### Exercise data

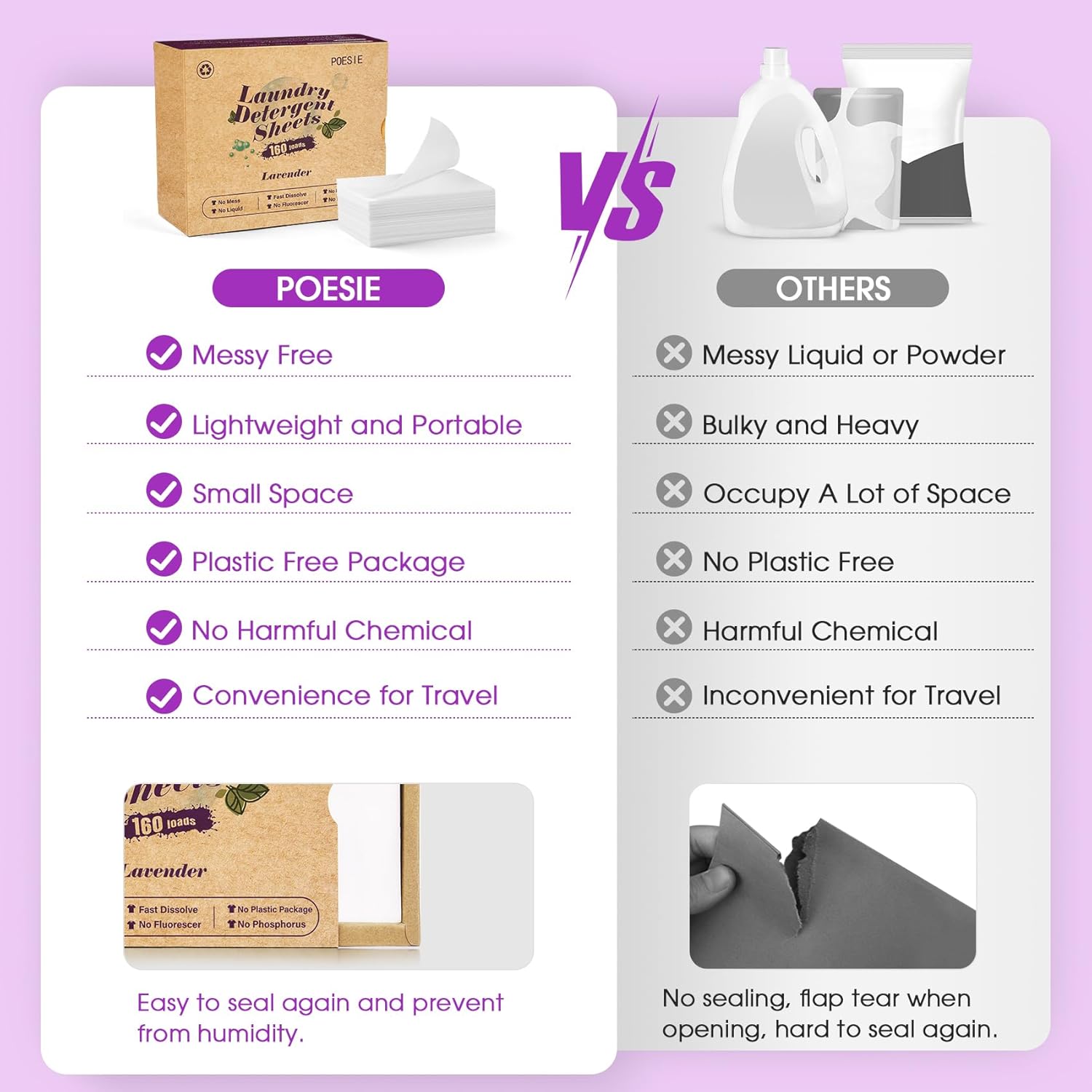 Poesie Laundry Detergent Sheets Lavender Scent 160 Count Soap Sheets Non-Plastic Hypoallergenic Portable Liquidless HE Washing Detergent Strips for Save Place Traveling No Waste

######
### Exercise data

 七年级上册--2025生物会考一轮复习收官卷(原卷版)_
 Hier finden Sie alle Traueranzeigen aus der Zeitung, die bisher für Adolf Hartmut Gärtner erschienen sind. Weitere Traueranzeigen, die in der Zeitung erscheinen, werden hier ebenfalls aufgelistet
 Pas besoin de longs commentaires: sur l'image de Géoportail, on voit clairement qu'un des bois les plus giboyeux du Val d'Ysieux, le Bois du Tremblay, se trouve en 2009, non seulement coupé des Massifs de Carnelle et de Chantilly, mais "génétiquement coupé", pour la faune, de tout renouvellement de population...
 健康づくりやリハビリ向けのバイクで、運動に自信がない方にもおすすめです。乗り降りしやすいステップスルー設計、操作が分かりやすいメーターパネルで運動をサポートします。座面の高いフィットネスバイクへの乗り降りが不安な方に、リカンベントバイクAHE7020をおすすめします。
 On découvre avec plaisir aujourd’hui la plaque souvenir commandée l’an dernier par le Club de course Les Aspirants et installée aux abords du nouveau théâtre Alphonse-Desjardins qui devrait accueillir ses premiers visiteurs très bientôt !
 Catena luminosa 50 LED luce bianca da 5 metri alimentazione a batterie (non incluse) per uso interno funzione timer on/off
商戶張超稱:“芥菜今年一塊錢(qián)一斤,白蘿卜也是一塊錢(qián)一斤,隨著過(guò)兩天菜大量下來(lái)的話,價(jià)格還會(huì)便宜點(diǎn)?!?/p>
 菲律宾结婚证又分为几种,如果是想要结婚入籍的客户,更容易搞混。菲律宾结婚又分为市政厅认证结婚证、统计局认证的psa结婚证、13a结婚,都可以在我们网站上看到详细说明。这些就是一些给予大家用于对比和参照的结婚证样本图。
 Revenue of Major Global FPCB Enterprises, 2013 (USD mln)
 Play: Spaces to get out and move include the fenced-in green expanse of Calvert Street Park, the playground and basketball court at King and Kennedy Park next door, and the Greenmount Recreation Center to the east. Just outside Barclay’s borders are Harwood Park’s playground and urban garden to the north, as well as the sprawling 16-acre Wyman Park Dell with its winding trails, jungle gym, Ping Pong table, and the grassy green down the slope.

######

Only the lines from the one containing "七年级上册--2025生物会考一轮复习收官卷(原卷版)_" through the one containing "Revenue of Major" are to be retyped, both boundary lines included, with no other material.

 七年级上册--2025生物会考一轮复习收官卷(原卷版)_
 Hier finden Sie alle Traueranzeigen aus der Zeitung, die bisher für Adolf Hartmut Gärtner erschienen sind. Weitere Traueranzeigen, die in der Zeitung erscheinen, werden hier ebenfalls aufgelistet
 Pas besoin de longs commentaires: sur l'image de Géoportail, on voit clairement qu'un des bois les plus giboyeux du Val d'Ysieux, le Bois du Tremblay, se trouve en 2009, non seulement coupé des Massifs de Carnelle et de Chantilly, mais "génétiquement coupé", pour la faune, de tout renouvellement de population...
 健康づくりやリハビリ向けのバイクで、運動に自信がない方にもおすすめです。乗り降りしやすいステップスルー設計、操作が分かりやすいメーターパネルで運動をサポートします。座面の高いフィットネスバイクへの乗り降りが不安な方に、リカンベントバイクAHE7020をおすすめします。
 On découvre avec plaisir aujourd’hui la plaque souvenir commandée l’an dernier par le Club de course Les Aspirants et installée aux abords du nouveau théâtre Alphonse-Desjardins qui devrait accueillir ses premiers visiteurs très bientôt !
 Catena luminosa 50 LED luce bianca da 5 metri alimentazione a batterie (non incluse) per uso interno funzione timer on/off
商戶張超稱:“芥菜今年一塊錢(qián)一斤,白蘿卜也是一塊錢(qián)一斤,隨著過(guò)兩天菜大量下來(lái)的話,價(jià)格還會(huì)便宜點(diǎn)?!?/p>
 菲律宾结婚证又分为几种,如果是想要结婚入籍的客户,更容易搞混。菲律宾结婚又分为市政厅认证结婚证、统计局认证的psa结婚证、13a结婚,都可以在我们网站上看到详细说明。这些就是一些给予大家用于对比和参照的结婚证样本图。
 Revenue of Major Global FPCB Enterprises, 2013 (USD mln)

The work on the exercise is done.